The filament snubber capacitors are 1 uF Z5U 50V axial caps from Mouser (the bag they are in said 80-C430C105M5U). They are mounted flush to the printed wiring board (PWB) and the soldering time was kept short. On the right picture you can see a cotton thread from the Q-Tip I used to clean the flux off after soldering. 1 uF caps on all 4 tube filaments may be a bit better, but I'm starting to get low on my supply of 1 uF ceramics. Next time I order these caps, I'm buying a larger lot. These solder joints look better in real life than what the photos show.

Here is the big picture.

Listening to the amp afterward showed that the tweeter noise was 100% gone and there was still some low midrange/bass buzz/hum noise coming out. The sound was much more pleasant with the snubbers installed. The sound stage had a bit more depth than before. Occasionally there I could hear some brightness that I'd like to track down and fix.

The HV snubber also seems to have reduced, but not eliminated, the pop you get when the power is turned off.

Update: Originally, only two of the tubes have snubbers across them. When I had my amp open for more B+ capacitor mods, I added 1 uFs across the remaining two tubes.

HV Snubber Version 2
Last update 20-Feb-05

I found a slightly better snubber to use:

First we keep the 0.01 uF across the HV secondary. This cap needs to be a 2 to 3 kV ceramic or a 400 to 600V film. The ceramic needs to be higher voltage to keep it from cooking. The films don't get near as hot.

Next, on the tube side of the 0.01 uF, we add a 0.1 uF (400V or 630V film). From the other side of the 0.01 uF, we add a 620 ohm 1/4 resistor to the free leg of the 0.1 uF.

Last, after ohming for shorts, put a pea sized spot of silicon based glue to hold the capacitors in place. I glued my 0.1 uF to C8, the B+ aluminum.
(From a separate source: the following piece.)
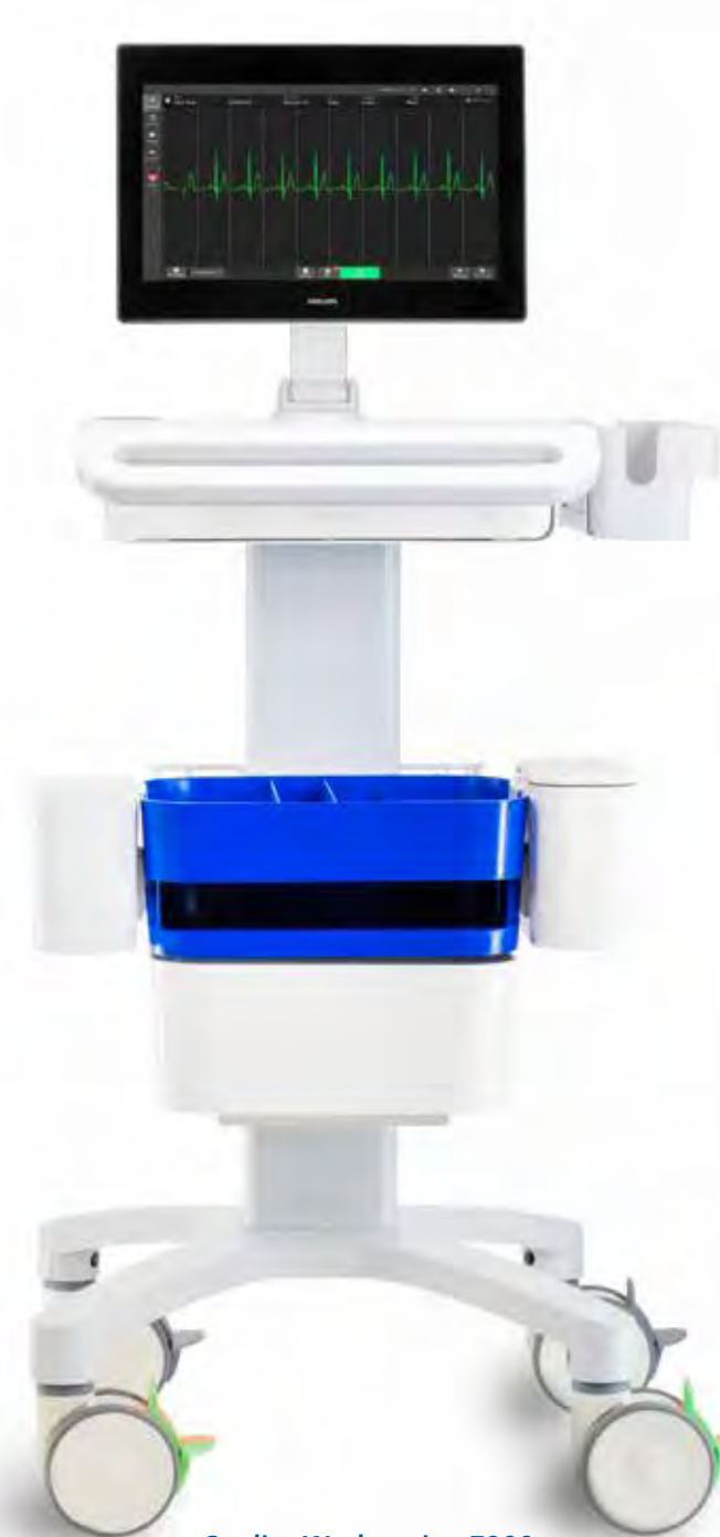
Cardiac Workstation 7000 15.6 in display

Tube Filament Inrush Balancing
Last update 12-Feb-05

I have heard that some people can see the tube filaments come up from left to right on a cold amp (power cord is on the left.) I was also told that the filament in the tube closest to the power transformer fails most often at power up. This happens because the resistance of the circuit card traces limit the inrush to the last tubes, but the first tube doesn't get this benefit.

We can reduce this issue.

Run a #22 wire from the first tube's pin 4 (filament) to the last tube's pin 4. Then run a separate #22 wire from the first tube's pin 5 (filament) to the last tube's pin 5 to beef up the filament traces. Lightly twist these wires (about 2 turns between each tube). Use one color wire for 4 and a different color wire for 5. IF YOU DO THIS WRONG AND GET 4 HOOKED TO 5, YOU'LL COOK YOUR POWER TRANSFORMER AND/ OR THE PWB! Triple check your wiring for shorts and that pin 4 goes only to pin 4 etc.
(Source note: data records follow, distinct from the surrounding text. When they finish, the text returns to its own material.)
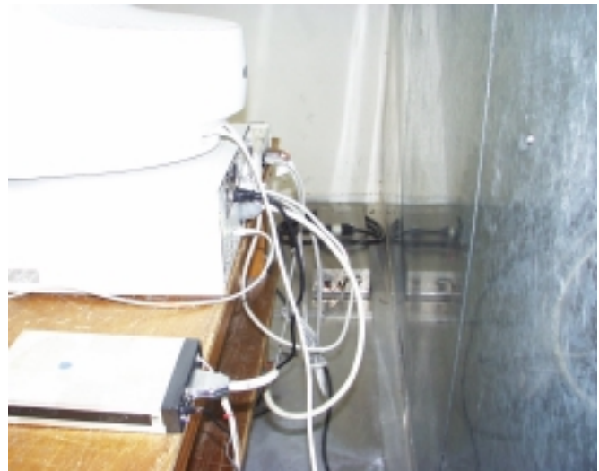
Conducted Emission Setup Photos (Worst Emission Position)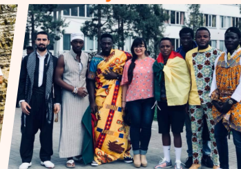
... sharing knowledge about native countries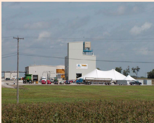
Figure 2. The West Central Biodiesel Facility in Ralston, Iowa, is expected to produce 6 million gallons of biodiesel annually.

Average consumption of gasoline and diesel in Organization for Economic Cooperation and Development (OECD) countries was 900 million tonnes from 1996-1999 (Agriculture and Agri-food Canada, 2002). The United States accounted for the largest share (51%) followed by the European Union (26%). However, considerable differences exist between countries in their use of gasoline and diesel. In the United States and Canada, gasoline accounted for 77% and 72% of the total fuel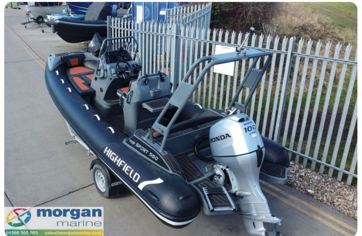
Highfield Sport 560 Hunter - Honda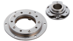
Swivel Torque Hinges HG-S Series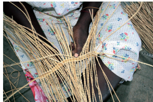
Photograph 3-1-3: Making the base of a basket.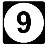
State Route Marker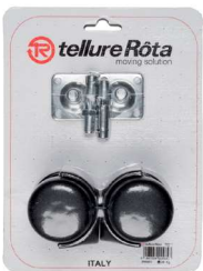
Black polyamide 6 wheels Package with 2 pieces and 4 fittings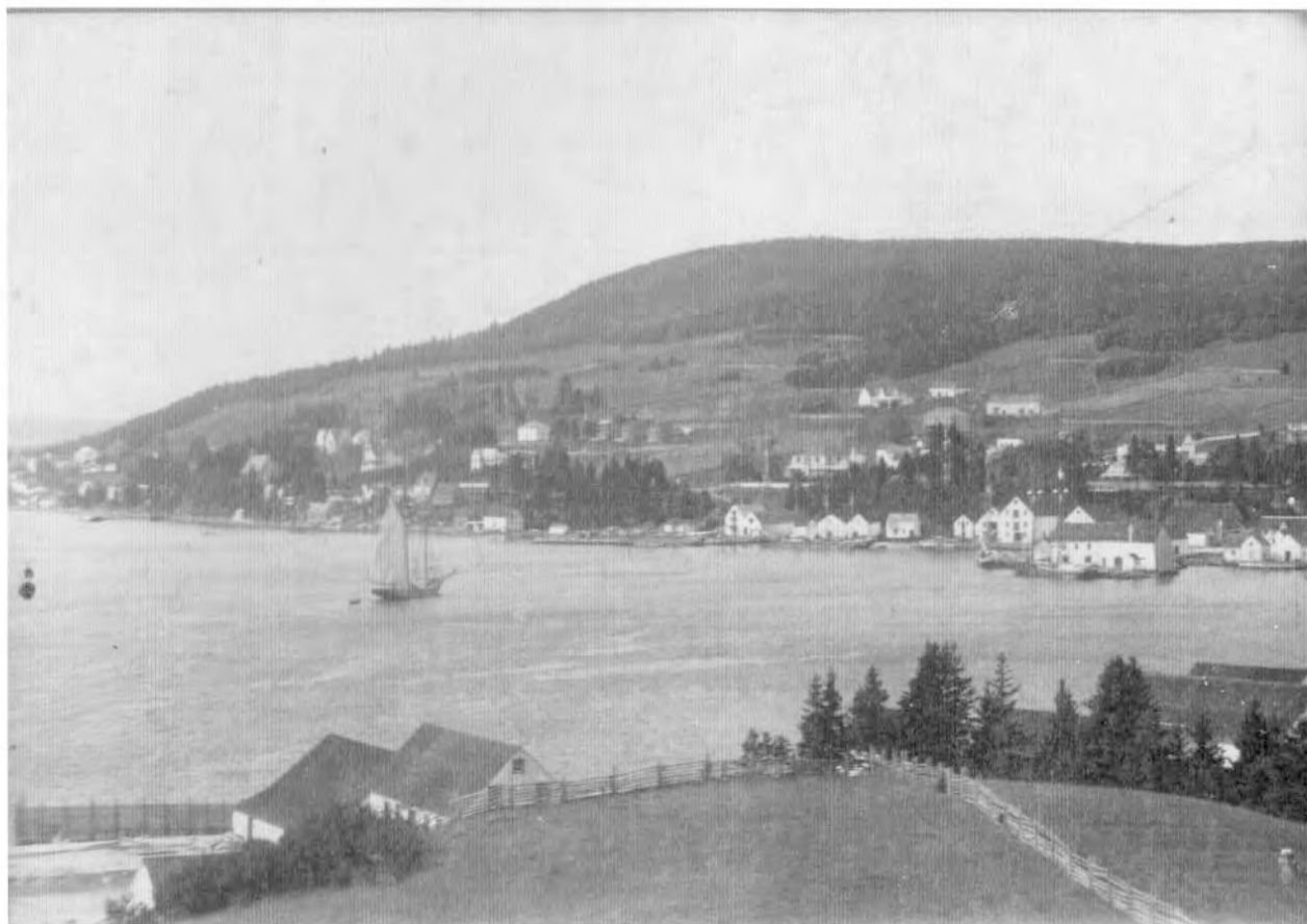
IN THE DAYS OF SAIL - SCHOONERS IN THE SHELTERED HARBOUR OF GASPÉ BASIN.

If you really want to do this right, when running the wire, cut back the insulation at each tube and make a solder joint at each filament. For me, that's just too much work.

Adding an Ultra Fast Diode in Series With the Diode Bridge.

A standard recovery diode can remain a short for several microseconds after the transformer voltage drops below the B+ capacitor. During this time current flows the wrong way in the diode until the diode "recovers" its ability to block voltage. When it does recover, the parasitics of the transformer tend to ring and radiate noise because of the reverse current flow. By changing the diode to an ultrafast diode, we can sometimes cut the unwanted noise energy a factor of 100 or more.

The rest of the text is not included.